When you use examples that are too far removed from a situation it looses potency.  Lets bring your example closer to home, knife play.  Personally I do not enjoy it, my girlfriend was ruined to it when a previous lover of hers swore they knew what they were doing, and in fact did not, cutting her deeply leaving scars and causing actual pain.  In knife play it is *VERY* important to know what you are doing, know where the nerve clusters are, know how deep the skin is, where it is stretch to tightly and so on.  Knife play can be enjoyable if someone knows what they are doing, being able to cut just a little in the skin where it will heal without scars and is not likely to even bleed much, you have to know where major nerve clusters are to avoid them becuase if you hit a nerve cluster like the ones at the sides of your spine near the lumbar, you can cause excruciating pain and real permanent damage.  Lets say that in books 2 or 3 (which I have not read) they do some knife play.  Some couple reads it, decides they know what they are doing, and one of them presses to deeply, or splits a nerve cluster.  If you damage a major nerve cluster, it will never heal, you will be in pain for the rest of your life.  Or worse, one of them slips and nicks an artery.

Unfortunately that example plays more off of the need for proper research, and not off of my actual complaint.  But the point is still that the book is being propagated as a misrepresentation of BDSM.



> You aren't getting Artanyis' point, Kyle.
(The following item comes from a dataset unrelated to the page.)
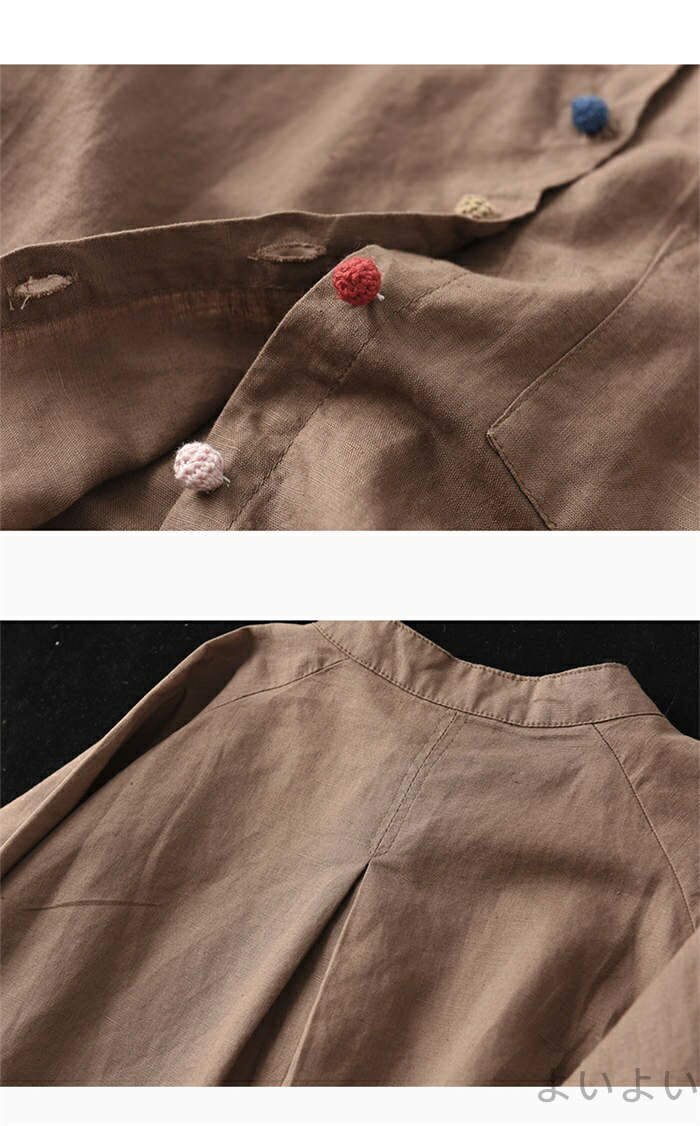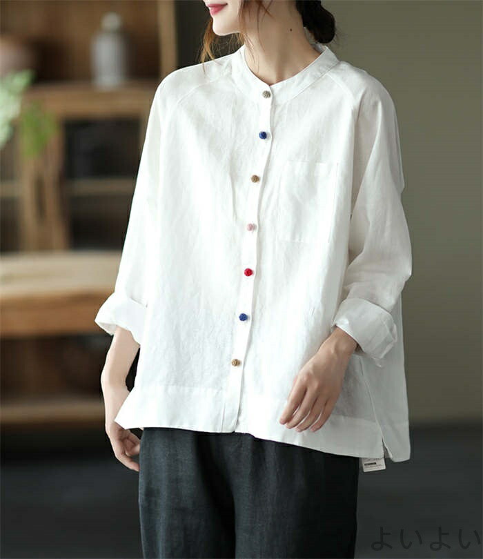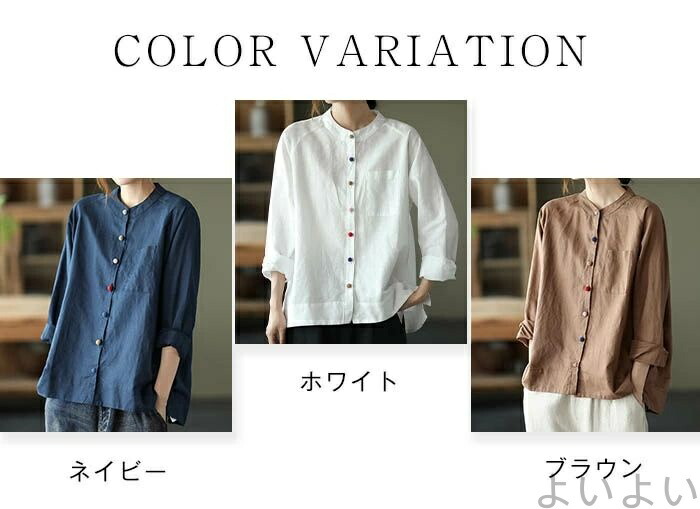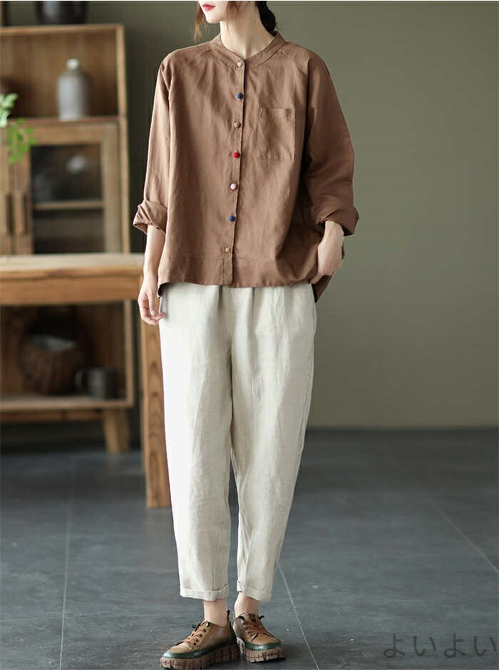 シャツ レディース リネン コットン トップス シャツ ブラウス 新登場! ネイビー ホワイト ブラウン M L XL 2XL

It would be like writing an  abusive relationship and the author making it blatantly clear that he  felt it was his right to smack around his partner, and then four million  women reading it and thinking, "Oh, so _my _partner smacking me around means he loves me!"
> 
> It's a misappropriation of a BDSM relationship, and the fact that the  author tries to pass it off as 'normal' within that world is even more  pathetic. These people can't even do research, for crying out loud.


Thank you Sam, a tenth of the words and you hit the nail on the head.  My job tends to require me to explain complex issues to people with no backing in computer engineering, yet I can not seem to explain a simple concept about my opinion on the way a book is being promoted.
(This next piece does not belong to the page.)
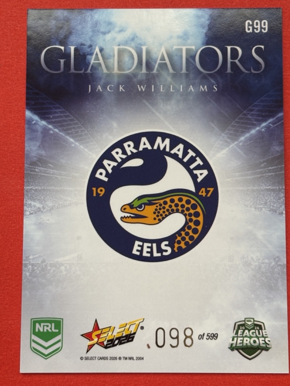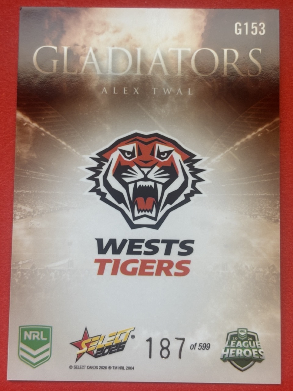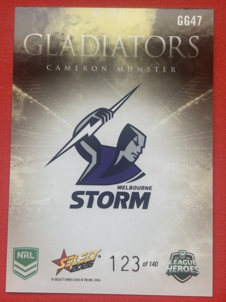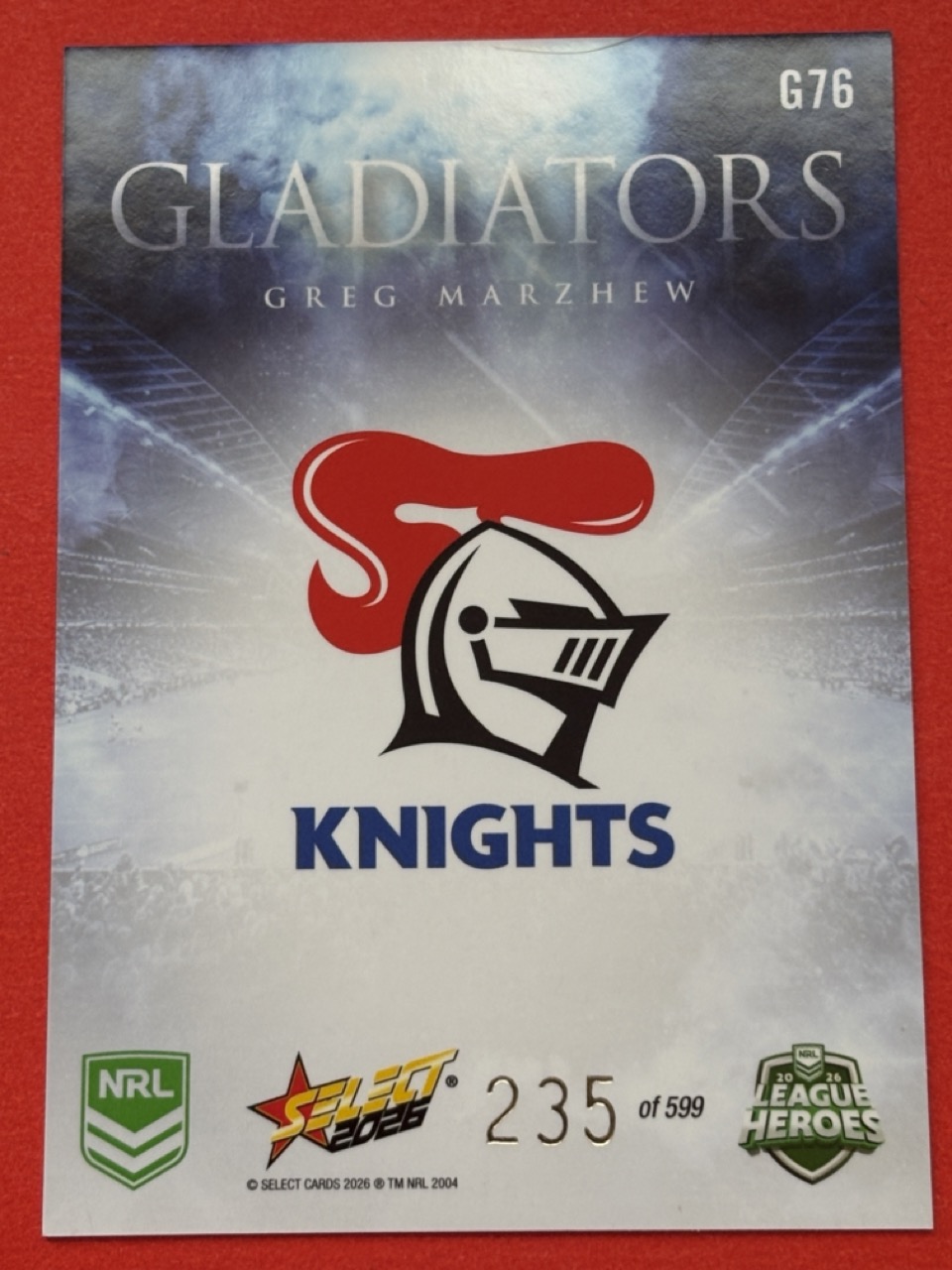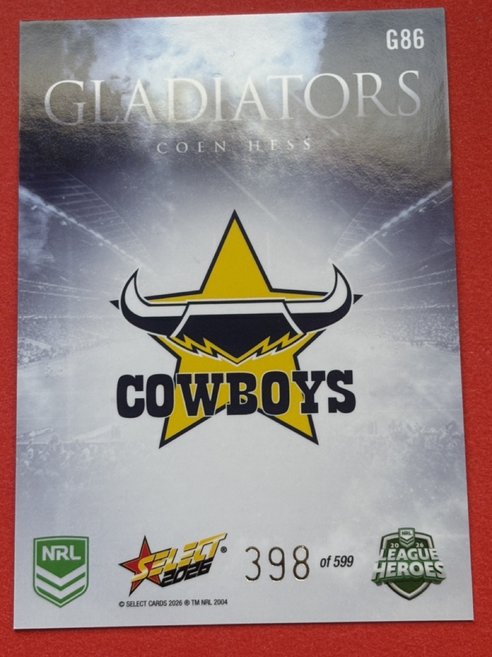 Elevate your NRL collection with the 2026 League Heroes-Gladiators card, a must-have for any die-hard Rugby League enthusiast. Featuring a striking design, this single card captures the essence of the game’s most thrilling moments and celebrated players. Select yours from the dropdown list to add to your personal anthology of League memorabilia. With the quality assured, this card is a tribute to the Heros League, embodying the spirit and passion of the sport. Whether for display or trade, it’s a timeless piece that commemorates the legacy and ongoing legacy of NRL. Choose your card wisely and own a piece of Rugby League history.

> I don't think anyone's trying to say BDSM relationships are bad. In  fact, quite the opposite - it's been established that these sorts of  relationships happen quite frequently and are a matter of love and  trust, which is not displayed in _Fifty_. Therein lies the problem;  the misappropriation of a loving, trusting relationship that happens to  lean on BDSM tendencies is perpetuated by everyone who reads it as  'exciting' and totally normal. The characters in this book are a classic  abuse case, which would be fine if that's how this book was marketed  and received, but it's not. People are saying this is how relationships  ought to be, getting ideas about how a real BDSM relationship functions,  and generally setting themselves up for very dangerous events in the  future if they follow this line of thought.
> 
> No, that's not to say that everyone who reads this book is going to go  out and find an intensely controlling psychopath to be their Christian  Grey, but there are those who will, just as there are those  impressionable folk who will look for their Edward Cullen out there, and  that's pretty scary.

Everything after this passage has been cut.